1. Use the training dataset to create a decision tree model (Model 1) to predict a customer’s Income using Marital Status and Capital Gains and Losses; 
2. Use the test data set to evaluate Model 1. Construct a contingency table to compare the actual and predicted values for Income; 
3. Use the training dataset to create a decision tree model (Model 2) to predict a customer’s Income using Marital Status and Age; 
4. Use the test data set to evaluate Model 2. Construct a contingency table to compare the actual and predicted values for Income; 
5. Compare Model 1 and Model 2 in terms of accuracy, precision, recall and the F1 scores. 

#### Importing Libraries

In [1]:
import pandas as pd
from pyspark.sql import SparkSession
from pyspark.ml.feature import StringIndexer, VectorAssembler
from pyspark.ml.classification import DecisionTreeClassifier
from pyspark.ml import Pipeline
from pyspark.ml.evaluation import BinaryClassificationEvaluator, MulticlassClassificationEvaluator
from pyspark.mllib.evaluation import MulticlassMetrics
from sklearn.metrics import classification_report

#### Initialize Spark Session

In [3]:
spark = SparkSession.builder.appName("SupervisedLearning").getOrCreate()

#### Load the dataset

In [4]:
df1_training = spark.read.csv('DSPR_Data_Sets/adult_ch6_training.csv', header=True, inferSchema=True)
df1_testing = spark.read.csv('DSPR_Data_Sets/adult_ch6_test.csv', header=True, inferSchema=True)

In [5]:
df1_training.head(5)

[Row(age=52, Marital status='Never-married', Income='<=50K', Cap_Gains_Losses=0.02174),
 Row(age=37, Marital status='Divorced', Income='<=50K', Cap_Gains_Losses=0.0),
 Row(age=53, Marital status='Married', Income='<=50K', Cap_Gains_Losses=0.0),
 Row(age=45, Marital status='Married', Income='<=50K', Cap_Gains_Losses=0.0),
 Row(age=39, Marital status='Married', Income='<=50K', Cap_Gains_Losses=0.0)]

#### Handle missing data

In [6]:
df1_training = df1_training.dropna()
df1_testing = df1_testing.dropna()

#### Showing the type of each column

In [7]:
df1_training.printSchema()

root
 |-- age: integer (nullable = true)
 |-- Marital status: string (nullable = true)
 |-- Income: string (nullable = true)
 |-- Cap_Gains_Losses: double (nullable = true)

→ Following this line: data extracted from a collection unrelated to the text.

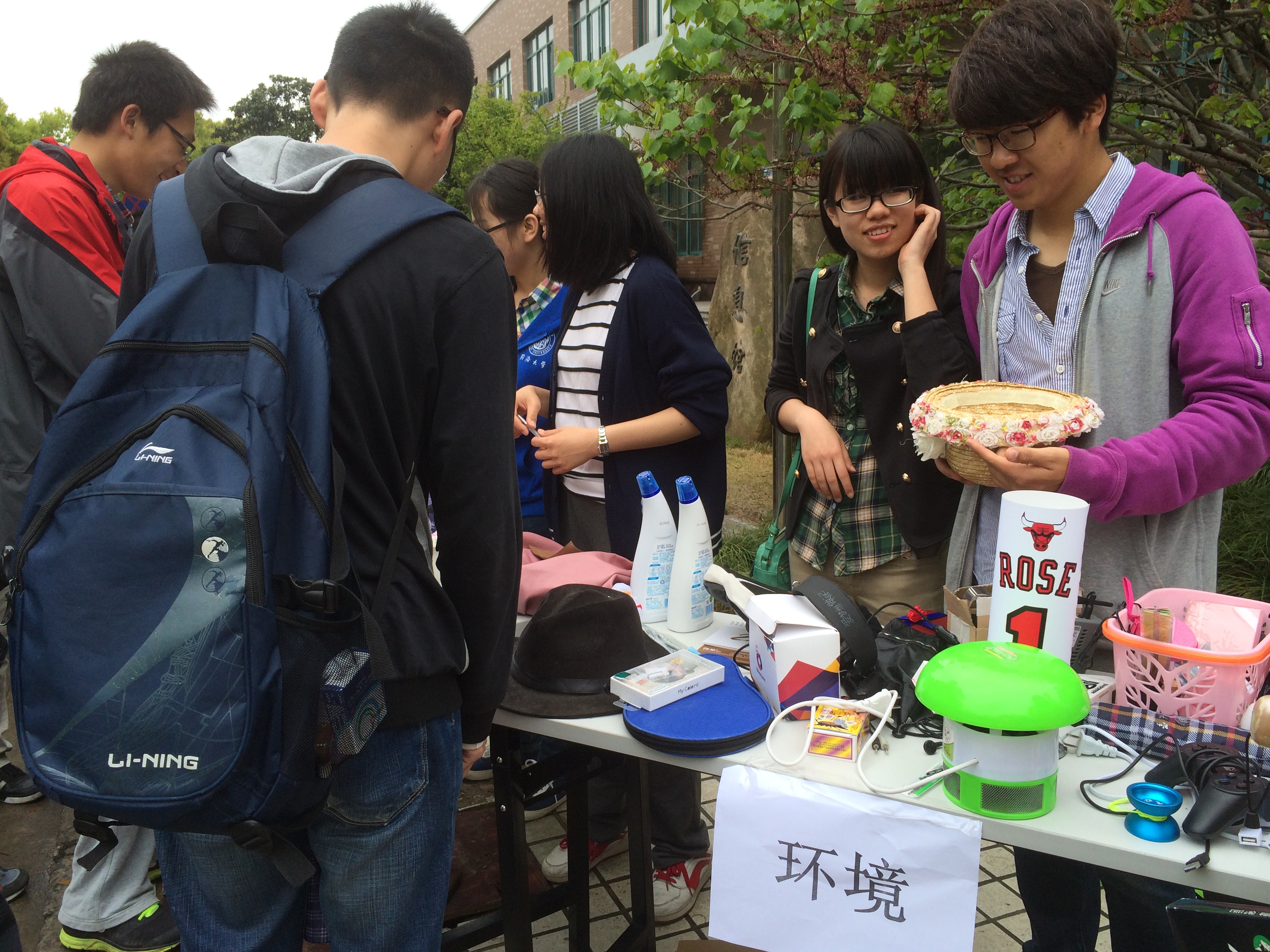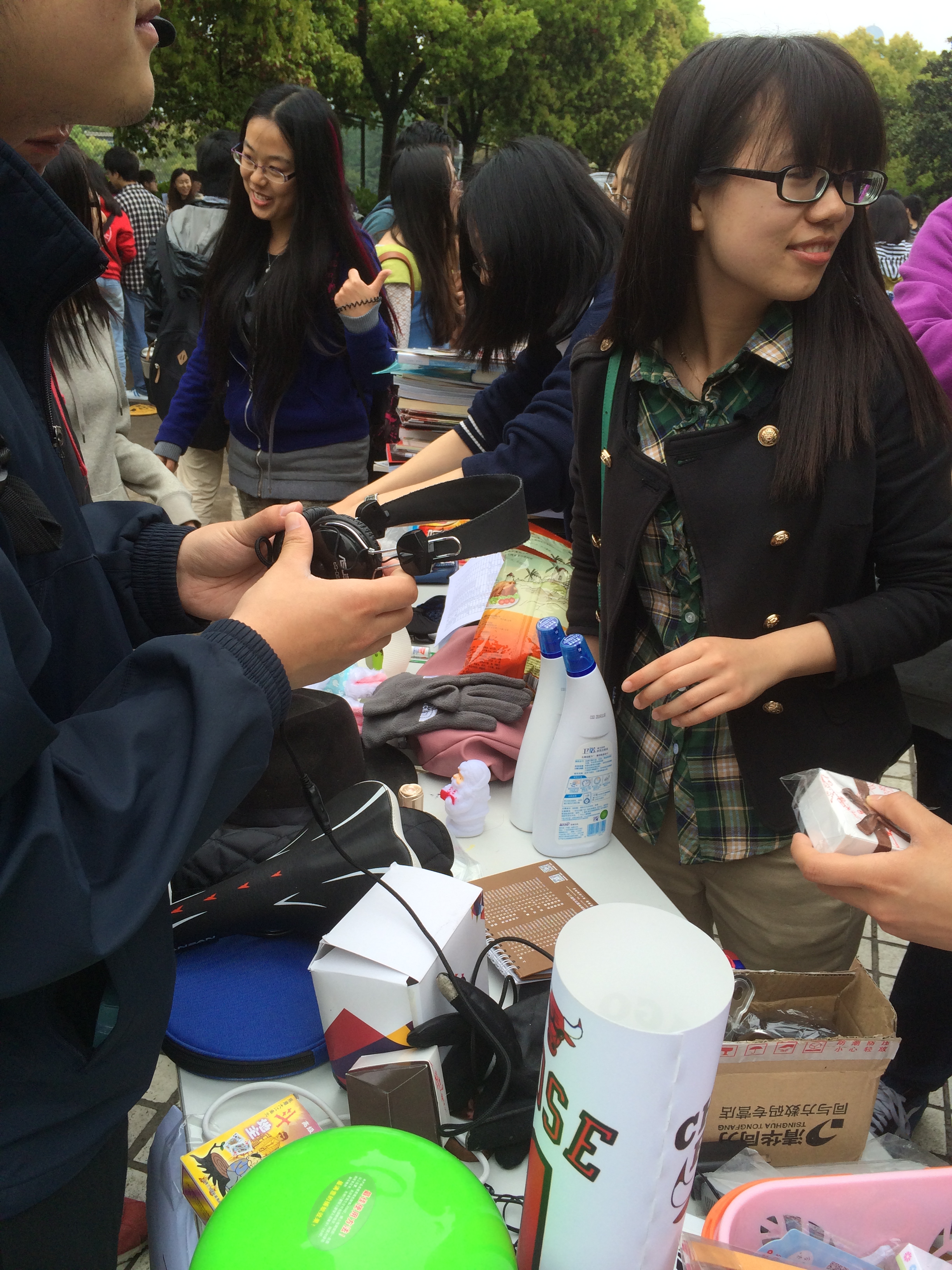 虽然这两天天空飘洒着小雨,但这丝毫不影响同学们义卖的热情。在南大道,各个学院都将收集到的物品整齐摆好,许多同学听说义卖活动后都来购买自己需要的东西。他们纷纷表示,在获得自己所需要的物品的同时能够为慈善做一份小小的贡献,他们感到非常开兴。
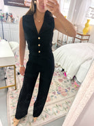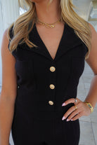 Featuring a soft knit fabric, gold button detailing, and a collared neckline, this black set is stretchy, comfy and versatile-- easy to style down with sneakers or up with heels for a night out! We love how easy and effortless this look is!
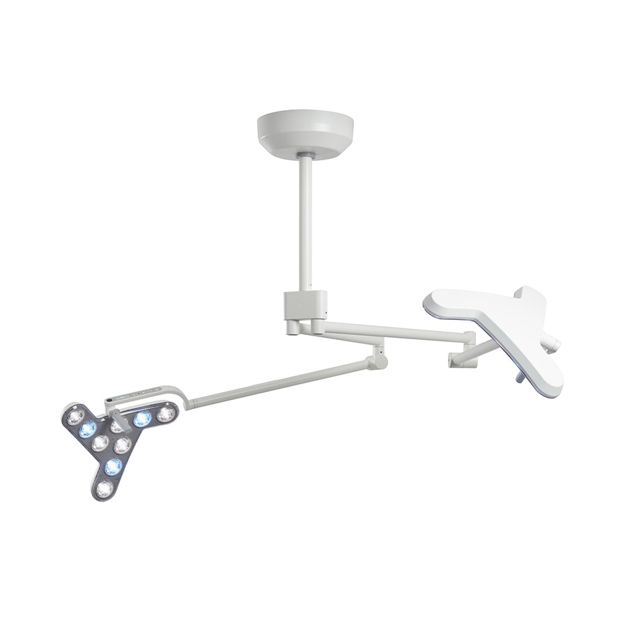 Grâce à sa configuration duo, la lampe permet d’éclairer deux champs de traitement simultanément. Cette conception est idéale pour les blocs opératoires polyvalents, les cliniques esthétiques ou les services hospitaliers réalisant plusieurs gestes techniques à la fois.
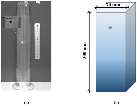 Diagrams of free-settling experiment and simulation: (a) Experiment conducted by Guo et al. [2]; (b) resolved model in this verification.
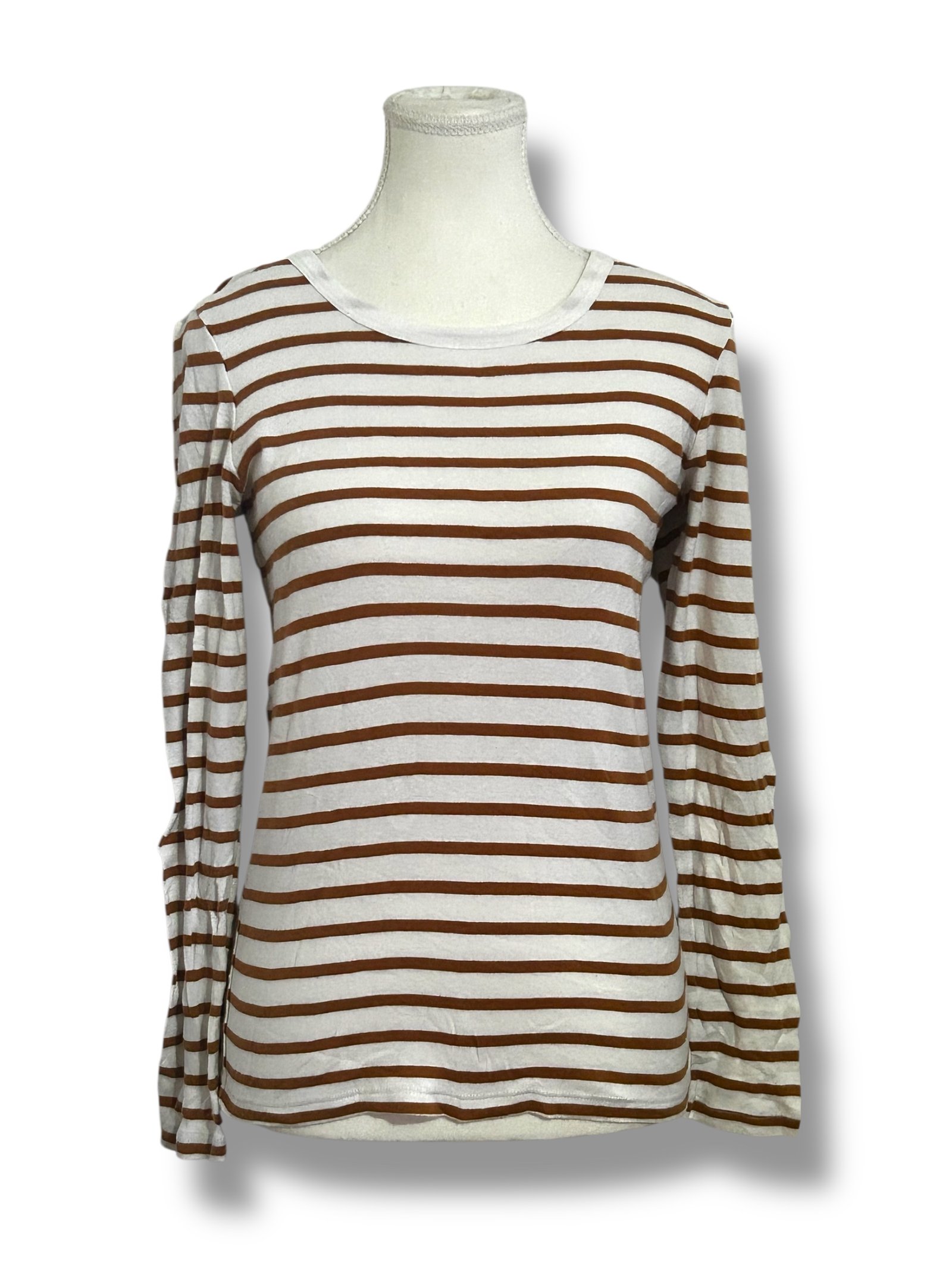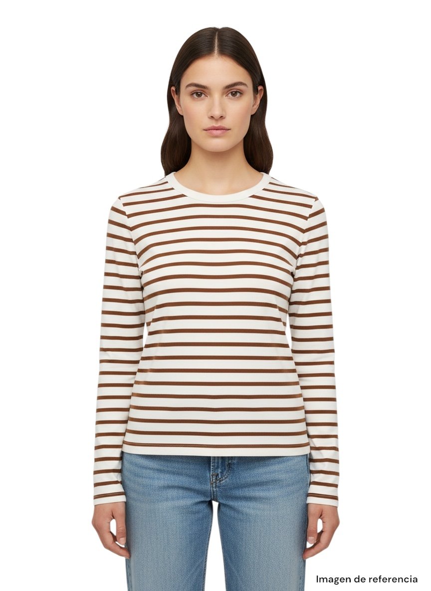 Tiene un diseño de rayas horizontales en tono café sobre fondo blanco, un estilo atemporal que nunca pasa de moda.
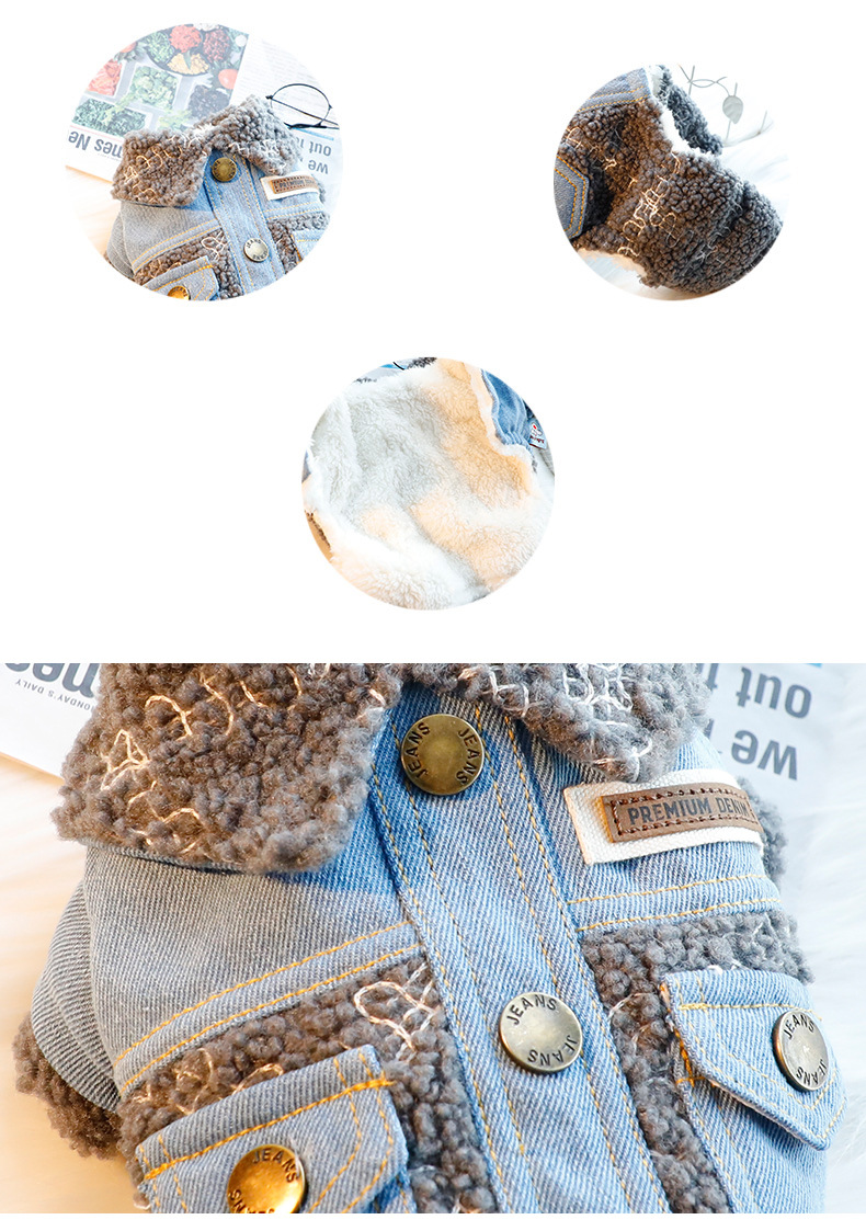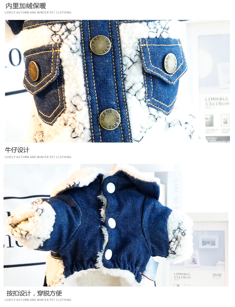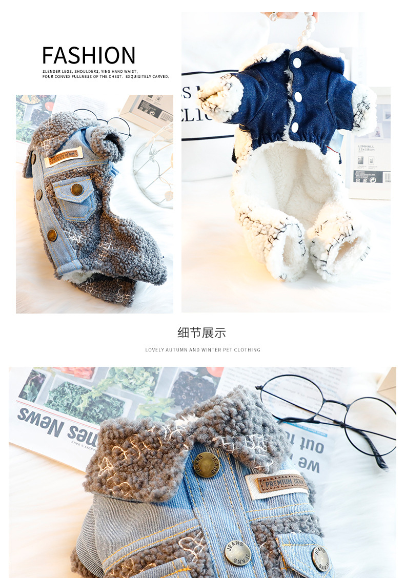 개 옷 가을과 겨울 두꺼운 양고기 벨벳 데님 수 놓은 네 다리 기모 따뜻한 작은 개 테디 애완 동물 4788스토어 가기

#### Create a list including all categorical columns of INPUTS

In [8]:
categorical_cols = ['Marital status', 'Income']

#### StringIndexer: convert categorical string columns in a DataFrame into numerical indices

##### Training Data

In [9]:
indexers = [StringIndexer(inputCol=col, outputCol=col + "Numeric").fit(df1_training) for col in categorical_cols]

pipeline = Pipeline(stages=indexers)
df1_training_encoded = pipeline.fit(df1_training).transform(df1_training)

In [10]:
# Show the dataset
df1_training_encoded.toPandas()

Unnamed: 0,age,Marital status,Income,Cap_Gains_Losses,Marital statusNumeric,IncomeNumeric
0,52,Never-married,<=50K,0.02174,1.0,0.0
1,37,Divorced,<=50K,0.00000,2.0,0.0
2,53,Married,<=50K,0.00000,0.0,0.0
3,45,Married,<=50K,0.00000,0.0,0.0
4,39,Married,<=50K,0.00000,0.0,0.0
...,...,...,...,...,...,...
18756,40,Divorced,<=50K,0.00000,2.0,0.0
18757,37,Married,<=50K,0.00000,0.0,0.0
18758,42,Married,<=50K,0.00000,0.0,0.0
18759,47,Divorced,<=50K,0.00000,2.0,0.0


##### Testing Data

In [11]:
indexers = [StringIndexer(inputCol=col, outputCol=col + "Numeric").fit(df1_testing) for col in categorical_cols]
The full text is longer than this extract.